De acordo com Luciano Esposto, sócio da Libraria, empresa especializada em soluções de acessibilidade em libras, o trabalho com surdos é mais específico por se tratar de um PcD silencioso. A principal ferramenta para estimular a inclusão desse público, destaca ele, é a informação. “Na rua, você consegue perceber a presença de um cego, um cadeirante, a pessoa com nanismo. O surdo, porém, está do seu lado e você não sabe se dá conta”, diz.

O Brasil tem aproximadamente 3 milhões de surdos que usam libras, mas são poucos os exemplos de inclusão no mercado de trabalho, destaca o representante da Libraria. Ele cita a empresa de RH Egualité, especializada na seleção de surdos para vagas, e a indústria Bosch, que tem uma linha de produção com 200 surdos.

Esposto, que ministra workshops para empresas, busca desmistificar esse universo. “Tem surgido diversas ferramentas de Inteligência Artificial que tornaram a acessibilidade mais viável, mas a formação de profissionais em libras para surdos, por exemplo, ainda enfrenta sérios problemas no País”, explica. Segundo ele, mais de 90% das universidades hoje não estão conseguindo formar intérpretes de libras.

Gonzalez, do IJC, concorda que o obstáculo número um para a inclusão ainda é o capacitismo, a barreira atitudinal. “Apesar da lei, ainda é muito arraigada a crença de que a pessoa não vai conseguir, de que é muito difícil. Isso acaba bloqueando a participação dessas pessoas nos processos seletivos”, lamenta.

Caminhos para a acessibilidade

No âmbito do poder público, na cidade de São Paulo a prefeitura, por meio da Secretaria Municipal da Pessoa com Deficiência (SMPED), oferece dois selos que reconhecem ambientes acessíveis: o Selo de Acessibilidade Arquitetônica, que respalda edificações que garantem acesso seguro e autônomo a pessoas com deficiência; e o Selo de Acessibilidade Digital, certificação para sites com navegação inclusiva.
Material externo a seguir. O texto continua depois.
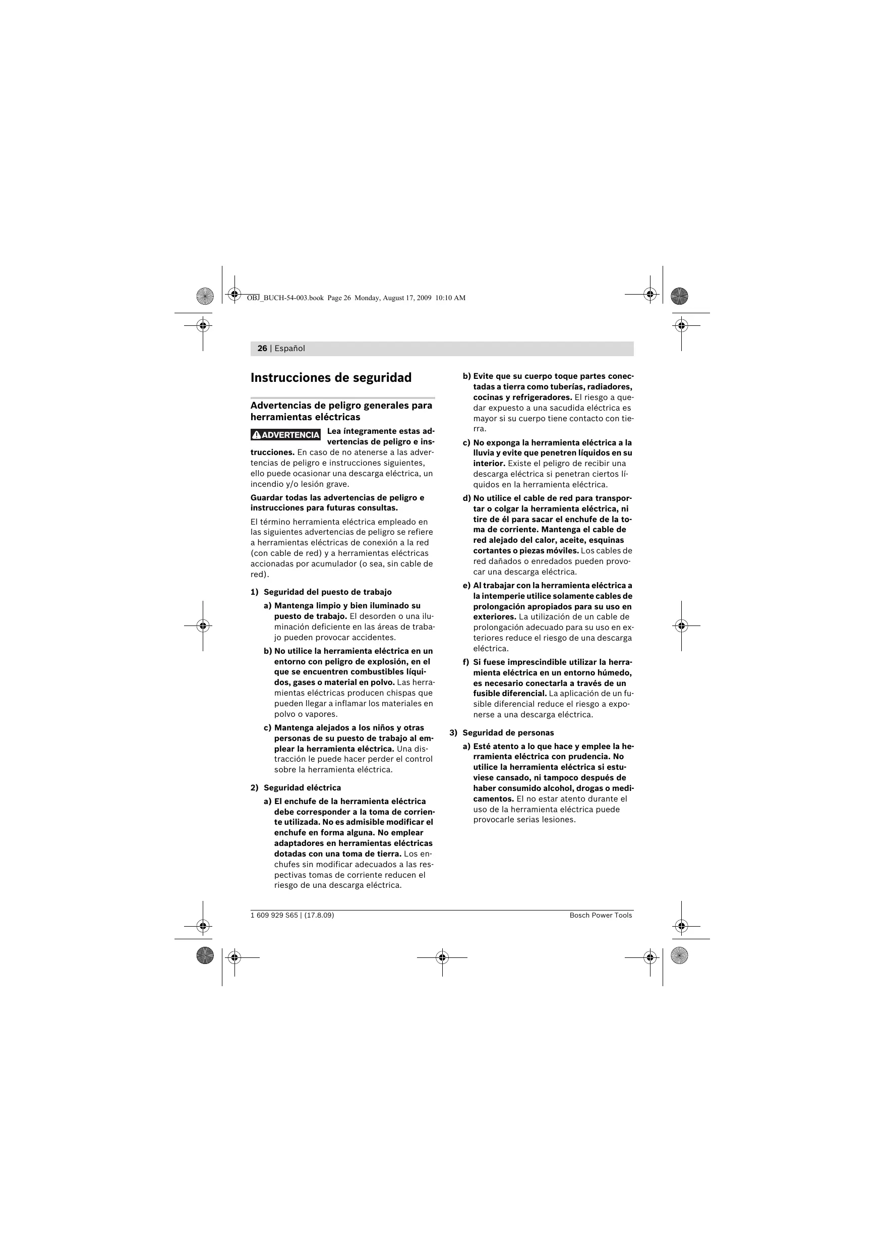 eléctricas a) No sobrecargue la herramienta eléctrica. Use la herramienta eléctrica prevista para el trabajo a realizar. Con la herramienta adecuada podrá trabajar mejor y más seguro dentro del margen de potencia indicado. b) No utilice herramientas eléctricas con un interruptor defectuoso. Las herramientas eléctricas que no se puedan conectar o desconectar son peligrosas y deben hacerse reparar. c) Saque el enchufe de la red y/o desmonte el acumulador antes de realizar un ajuste en la herramienta eléctrica, cambiar de accesorio o al guardar la herramienta eléctrica. Esta medida preventiva reduce el riesgo a conectar accidentalmente la herramienta eléctrica. d) Guarde las herramientas eléctricas fuera del alcance de los niños. No permita la utilización de la herramienta eléctrica a aquellas personas que no estén familiarizadas con su uso o que no hayan leído estas instrucciones. Las herramientas eléctricas utilizadas por personas inexpertas son peligrosas. e) Cuide la herramienta eléctrica con esmero. Controle si funcionan correctamente, sin atascarse, las partes móviles de la herramienta eléctrica, y si existen partes rotas o deterioradas que pudieran afectar al funcionamiento de la herramienta eléctrica. Haga reparar estas piezas defectuosas antes de volver a utilizar la herramienta eléctrica. Muchos de los accidentes se deben a herramientas eléctricas con un mantenimiento deficiente. f) Mantenga los útiles limpios y afilados. Los útiles mantenidos correctamente se dejan guiar y controlar mejor. 1 609 929 S65 | (17.8.09) 28 | Español g) Utilice la herramienta eléctrica, accesorios, útiles, etc. de acuerdo a estas instrucciones, considerando en ello las condiciones de trabajo y la tarea a realizar. El uso de herramientas eléctricas para trabajos diferentes de aquellos para los que han sido concebidas puede resultar peligroso.

As solicitações são gratuitas e podem ser feitas pelo Portal SP156.

A Secretaria também oferece cursos gratuitos voltados a profissionais de arquitetura, engenharia, TI e comunicação, com foco nas normas técnicas e boas práticas de acessibilidade. São quatro formações online, com 100 vagas por edição, divulgadas nas redes sociais da Secretaria (@smpedsp) e no site da prefeitura de São Paulo.

Há ainda o curso Conhecer Para Incluir, que tem como objetivo sensibilizar e capacitar servidores públicos, profissionais de diversas áreas e a sociedade sobre os direitos, potencialidades e realidades das pessoas com deficiência. A formação aborda conceitos sobre acessibilidade, inclusão, diversidade e respeito às diferenças.